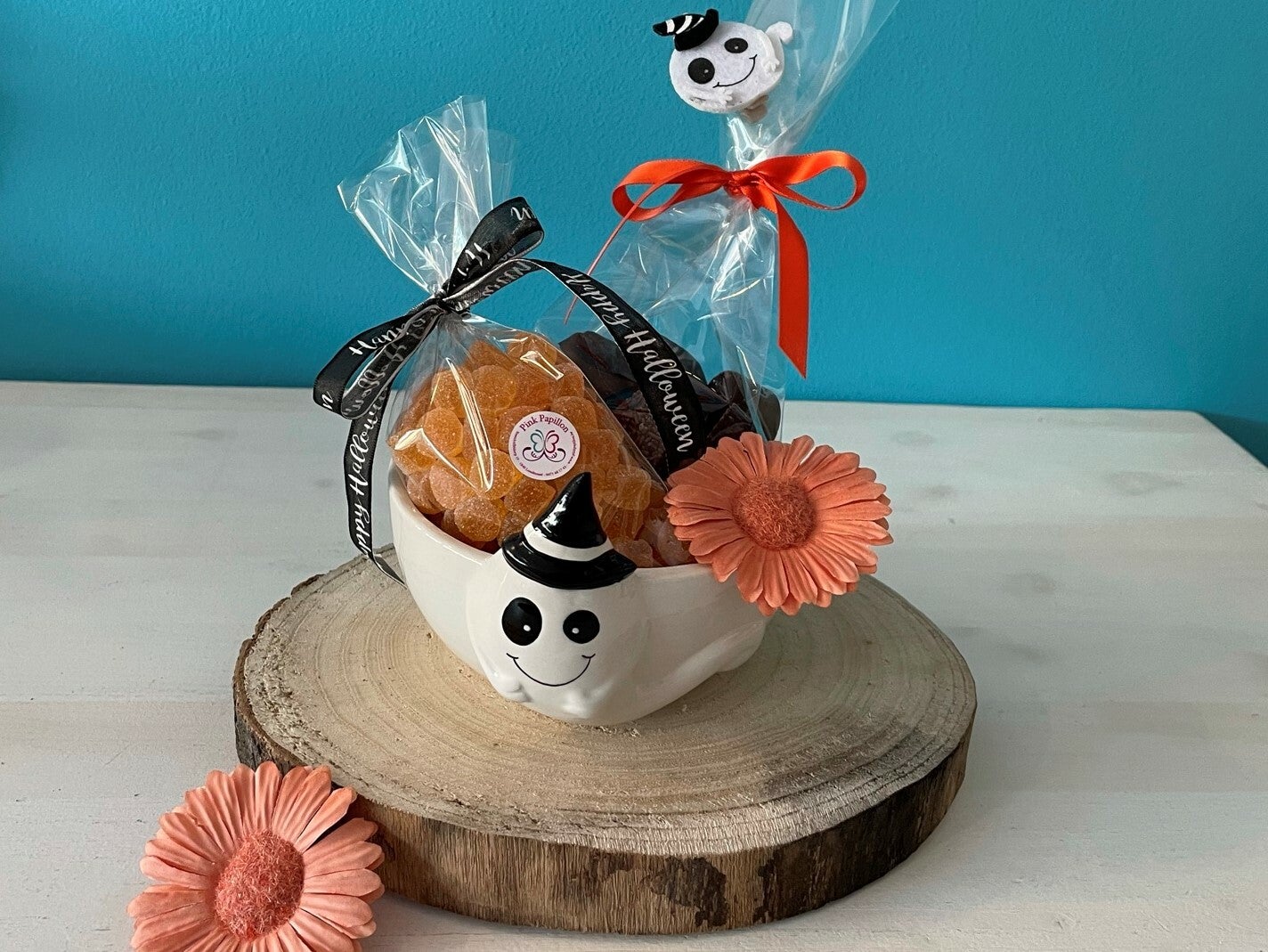Spooky kom gevuld met lekkere sinaas snoepjes - 200 gr en verse, huisgemaakte pralines - 250 gr
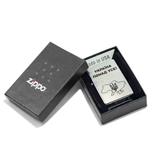 Запальничка бензинова Zippo 207 P Україна понад усе - класична запальничка з покриттям STREET CHROME. Ексклюзивне гравіювання нанесено в Україні на модель Zippo 207 офіційним представництвом Zippo Україна.
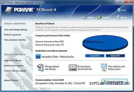 Утилита предназначена для автоматического освобождения ресурсов компьютера под запущенное приложение, что позволяет добиться прироста производительности работающих программ. PCBoost обладает простым интерфейсом и не требует сложной настройки — оптимизация работы компьютера производится в автоматическом режиме. PcBoost автоматически выставляет приоритеты для запущенных программ, что позволяет с максимальной эффективностью использовать мощность вашего процессора.
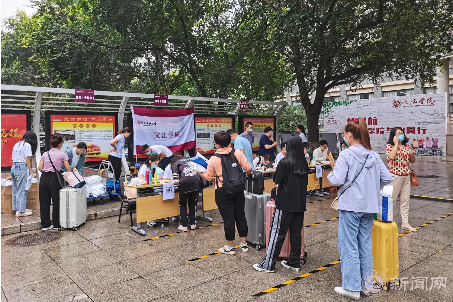 清晨,各学院和职能部门的迎新点就已经就位,老师、学生志愿者和后勤工作人员开始紧张忙碌起来,为迎接新同学步入新家做好准备。
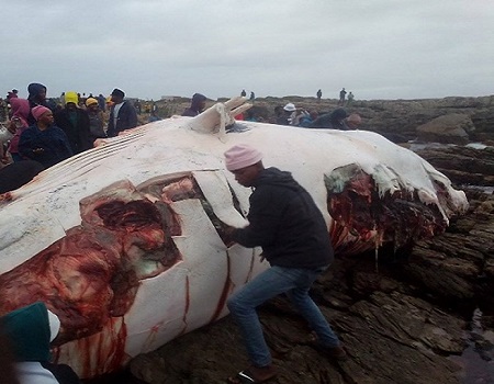 Overstrand Deputy Mayor, Cllr Lindile Ntsabo, warned members of the public not to eat the meat as it is unknown why the whale died.
——
#### Work request
Repeat the records above exactly, without pictures.

#### Written answer
Spooky kom gevuld met lekkere sinaas snoepjes - 200 gr en verse, huisgemaakte pralines - 250 gr
 Запальничка бензинова Zippo 207 P Україна понад усе - класична запальничка з покриттям STREET CHROME. Ексклюзивне гравіювання нанесено в Україні на модель Zippo 207 офіційним представництвом Zippo Україна.
 Утилита предназначена для автоматического освобождения ресурсов компьютера под запущенное приложение, что позволяет добиться прироста производительности работающих программ. PCBoost обладает простым интерфейсом и не требует сложной настройки — оптимизация работы компьютера производится в автоматическом режиме. PcBoost автоматически выставляет приоритеты для запущенных программ, что позволяет с максимальной эффективностью использовать мощность вашего процессора.
 清晨,各学院和职能部门的迎新点就已经就位,老师、学生志愿者和后勤工作人员开始紧张忙碌起来,为迎接新同学步入新家做好准备。
 Overstrand Deputy Mayor, Cllr Lindile Ntsabo, warned members of the public not to eat the meat as it is unknown why the whale died.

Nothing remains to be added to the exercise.